Film- und Serienkritiken

Der Latinum-Standard des Star Trek Universums

Lieber vieldeutig nebentätig als vielfältig korrupt

„Hey! Die kompletten Listen der Nebentätigkeiten aller Bundestagsabgeordneten sind im Internet zu sehen! Da kann ich bestimmt einen total lustigen Artikel drüber schreiben, wenn ich die mal überfliege!“ – Na ja: oder auch ganz anders…

Gähn. Das Meiste davon ist war in etwa nur so interessant, wie als Normalbürger seinem Sparbuch beim Wachsen zuzusehen.

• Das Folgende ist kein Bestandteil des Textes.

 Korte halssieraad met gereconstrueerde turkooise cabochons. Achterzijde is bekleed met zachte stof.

Hier ein paar wahllos herausgesuchte Sesselpups-Lizenzen:

– Technische Versicherung AG (Mitglied des Vorstandes)
– Herzzentrum Bad Krozingen (Mitglied des Verwaltungsrates)
– Volkswagen AG, Wolfsburg, Angestellter (Teilzeit)

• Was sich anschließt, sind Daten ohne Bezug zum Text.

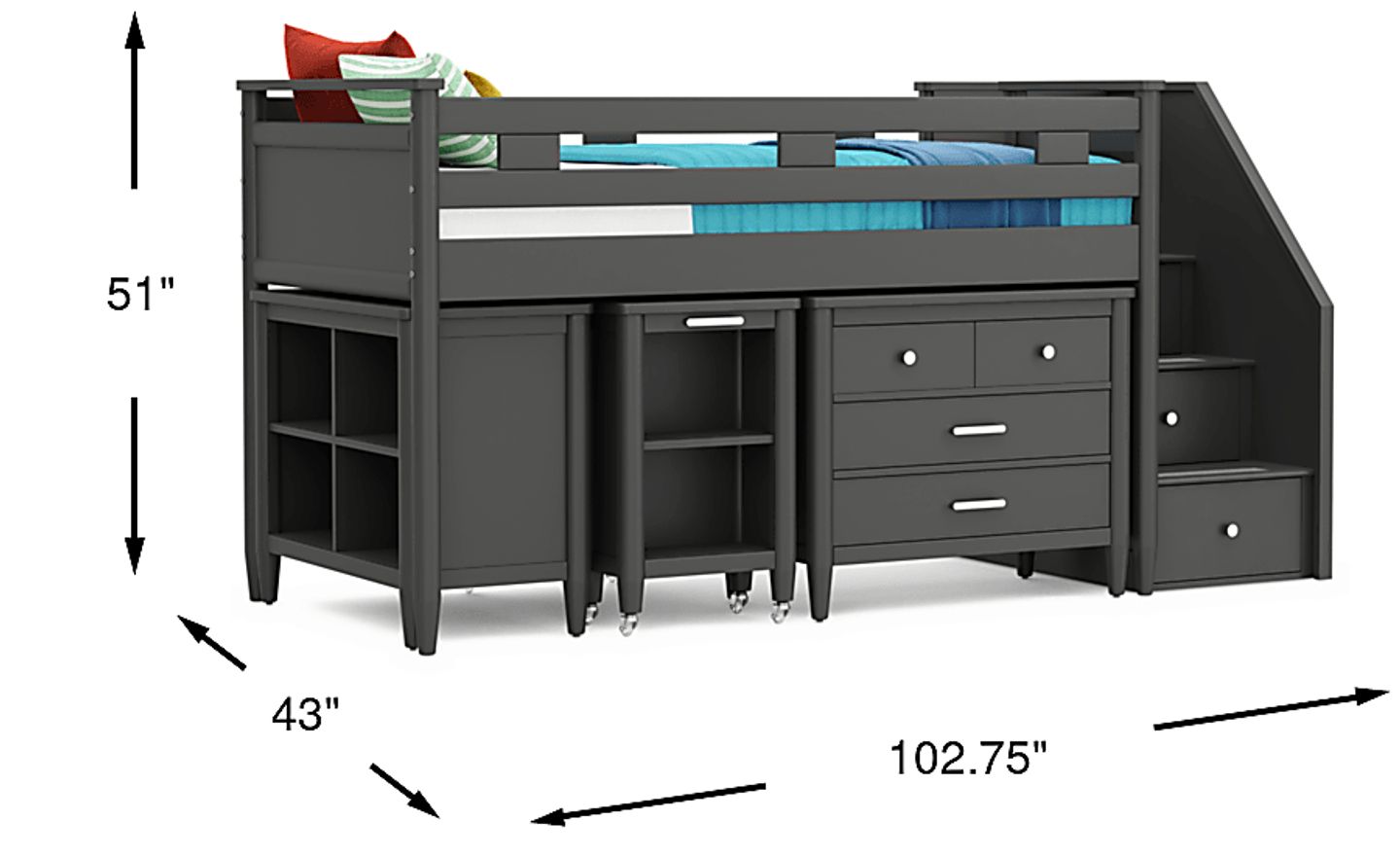 Kids Modern Colors Iron Ore Twin Step Loft With Loft Chest, Bookcase And Desk

Und so geht es seitenlang weiter: Anwaltskanzleien, Gewerkschaften, Versicherungen, Bauer- und Winzerverband, Vereinigung depressiver Nasebohrer, Elternbeirat Deutscher Waisenhäuser e.V., ect, ect… – Dann noch Tätigkeiten als Crashtest-Dummy, Medikamententester und Fußpilzschaber. Alles komplett uninteressant und so aussagekräftig wie die Information, dass einige Abgeordnete gern Käse essen. Nicht wenige Journalisten haben sich ja sicherlich grandiosere Enthüllungen gewünscht, so à la: „Umweltminister verklappt nebenbei Batteriesäure in der Nordsee“ oder „Entwicklungsministerin in Atomwaffenindustrie tätig“.

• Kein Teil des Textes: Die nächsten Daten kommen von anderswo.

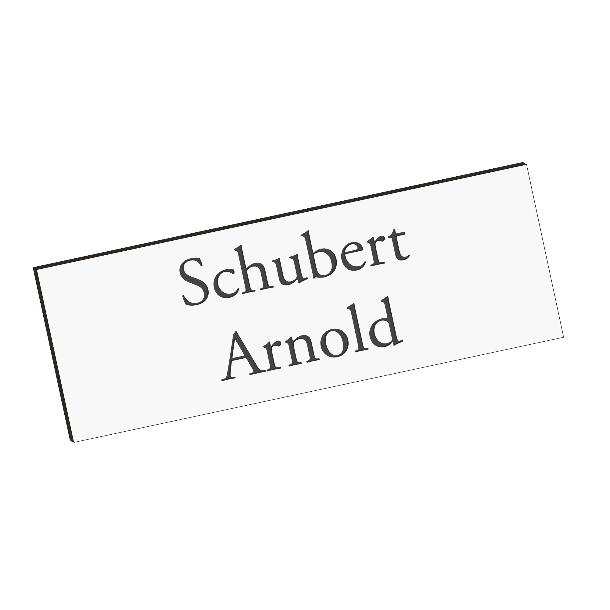 Das Klingelschild Kongsberg in elegantem Weiß mit schwarzer Gravur überzeugt durch modernes Design und hervorragende Lesbarkeit. Mit der großzügigen Fläche von 85 × 30 mm eignet sich das Schild ideal für Eingangsbereich oder Briefkasten und bietet Platz für eine oder zwei Gravurzeilen. Das langlebige 2-Schicht-Acrylmaterial ist wetterfest und UV-beständig – perfekt für den Einsatz im Freien. Die Gravur wird dauerhaft in die obere Schicht eingearbeitet und wirkt besonders kontrastreich auf dem weißen Grund. Durch die selbstklebende Rückseite lässt sich das Namensschild einfach montieren – ganz ohne Bohren oder Schrauben. Wählen Sie zwischen fünf Schriftarten, optional abgerundeten Ecken und einem passenden "Keine Werbung"-Schild für Ihre individuelle Gestaltung. Das personalisierte Schild ist ideal für Haustür, Klingel oder Briefkasten geeignet.

Die Realität sieht dagegen traurig aus. Keine Skandale, nur Friede, Freude, Vorstandskuchen. – Auf dem ersten Blick. Doch die Realität HINTER der Realität (hier kann man als Politiker ja beliebig nach dem Matruschka-Prinzip verfahren) ist da schon spannender! Spätestens NACH dem Mandat. Es sei denn, man saß wirklich GANZ hinten und hat die Vorderleute mit einem nervigen Eierschaukel-Geräusch vom Zeitungslesen abgehalten.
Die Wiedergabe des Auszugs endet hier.